**Exercise brief:** What is wanted is the full listing, word for word, without its pictures.

**Recorded information:**
[Start of section]

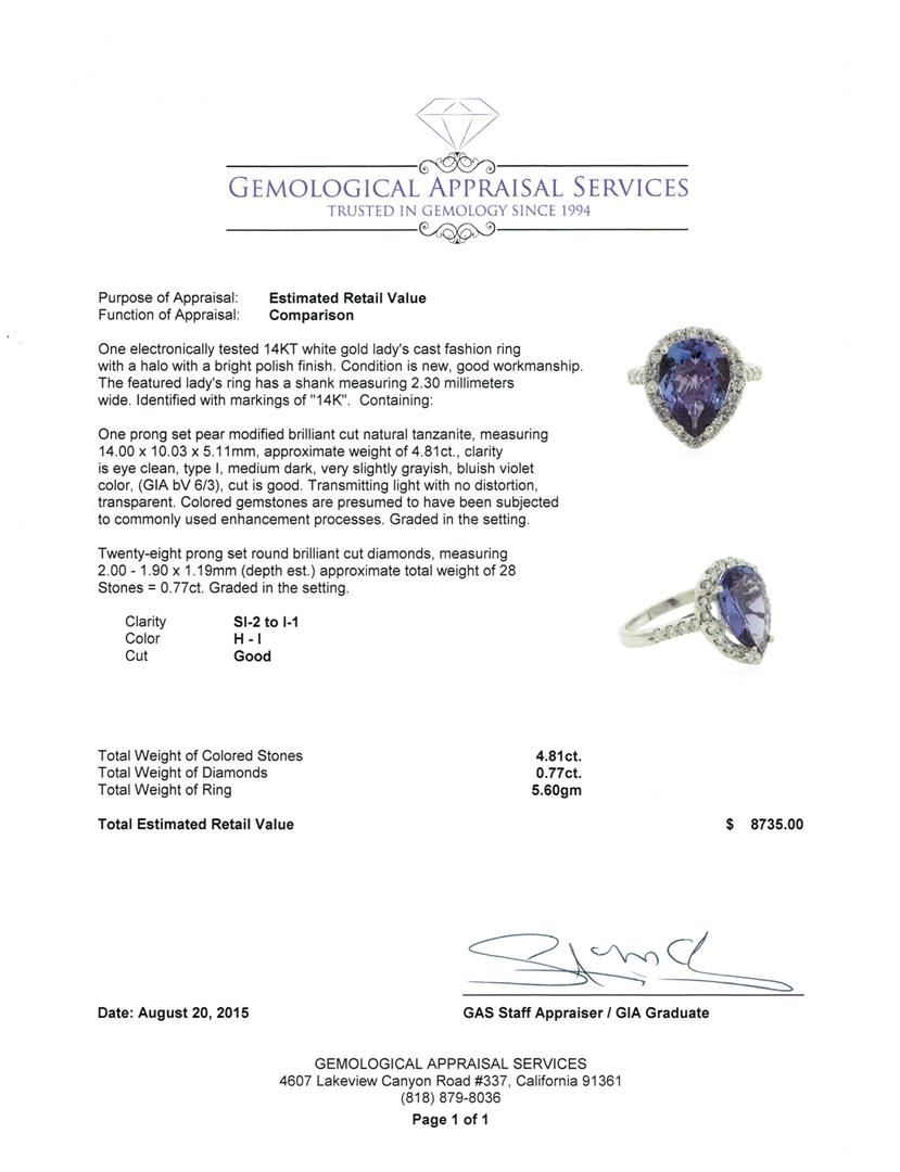 One electronically tested 14KT white gold lady's cast fashion ring with a halo with a bright polish finish. The featured lady's ring has a shank measuring 2.30 millimeters wide. Identified with markings of "14K". Condition is new, good workmanship. Containing: One prong set pear modified brilliant cut natural tanzanite, measuring 14.00 x 10.03 x 5.11mm, approximate weight of 4.81ct., clarity is eye clean, type I, medium dark, very slightly grayish, bluish violet color, (GIA bV 6/3), cut is good. Transmitting light with no distortion, transparent. Colored gemstones are presumed to have been subjected to commonly used enhancement processes. Graded in the setting. Twenty-Eight prong set round brilliant cut diamonds, measuring 2.00 - 1.90 x 1.19mm (depth est.) approximate total weight of 28 Stones = 0.77ct. Graded in the setting. Clarity: SI-2 to I-1. Color: H - I. Cut Good. Total Weight of Colored Stones 4.81ct. Total Weight of Diamonds 0.77ct. Total Weight of Ring 5.60gm. GAS Appraised at $8,735.00.
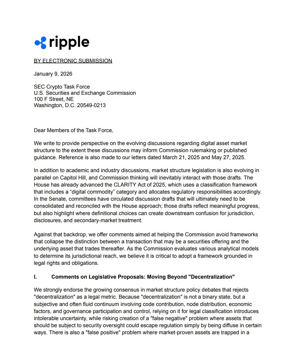 - SEC.gov - Ripple Letter to Crypto Task Force (January 9, 2026)
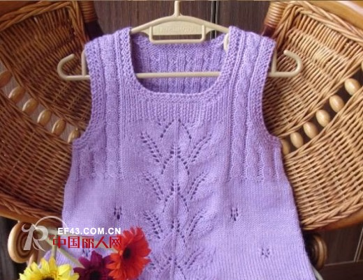 居中织胸前花样,同时2边均匀收针16-2-6.正身织够22公分长后在胸花左右2边对称织辫子针。织够27开挂。
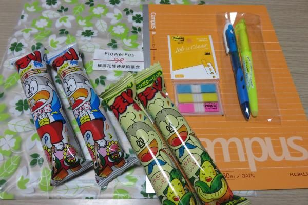 いくつかお土産を頂きましたので、紹介させて頂きます。 瀬谷駅から会場までの道のりで実施されているスタンプラリーに参加すると、手持花火を頂けました。

[End of section]

**Answer for the task:**
 One electronically tested 14KT white gold lady's cast fashion ring with a halo with a bright polish finish. The featured lady's ring has a shank measuring 2.30 millimeters wide. Identified with markings of "14K". Condition is new, good workmanship. Containing: One prong set pear modified brilliant cut natural tanzanite, measuring 14.00 x 10.03 x 5.11mm, approximate weight of 4.81ct., clarity is eye clean, type I, medium dark, very slightly grayish, bluish violet color, (GIA bV 6/3), cut is good. Transmitting light with no distortion, transparent. Colored gemstones are presumed to have been subjected to commonly used enhancement processes. Graded in the setting. Twenty-Eight prong set round brilliant cut diamonds, measuring 2.00 - 1.90 x 1.19mm (depth est.) approximate total weight of 28 Stones = 0.77ct. Graded in the setting. Clarity: SI-2 to I-1. Color: H - I. Cut Good. Total Weight of Colored Stones 4.81ct. Total Weight of Diamonds 0.77ct. Total Weight of Ring 5.60gm. GAS Appraised at $8,735.00.
 - SEC.gov - Ripple Letter to Crypto Task Force (January 9, 2026)
 居中织胸前花样,同时2边均匀收针16-2-6.正身织够22公分长后在胸花左右2边对称织辫子针。织够27开挂。
 いくつかお土産を頂きましたので、紹介させて頂きます。 瀬谷駅から会場までの道のりで実施されているスタンプラリーに参加すると、手持花火を頂けました。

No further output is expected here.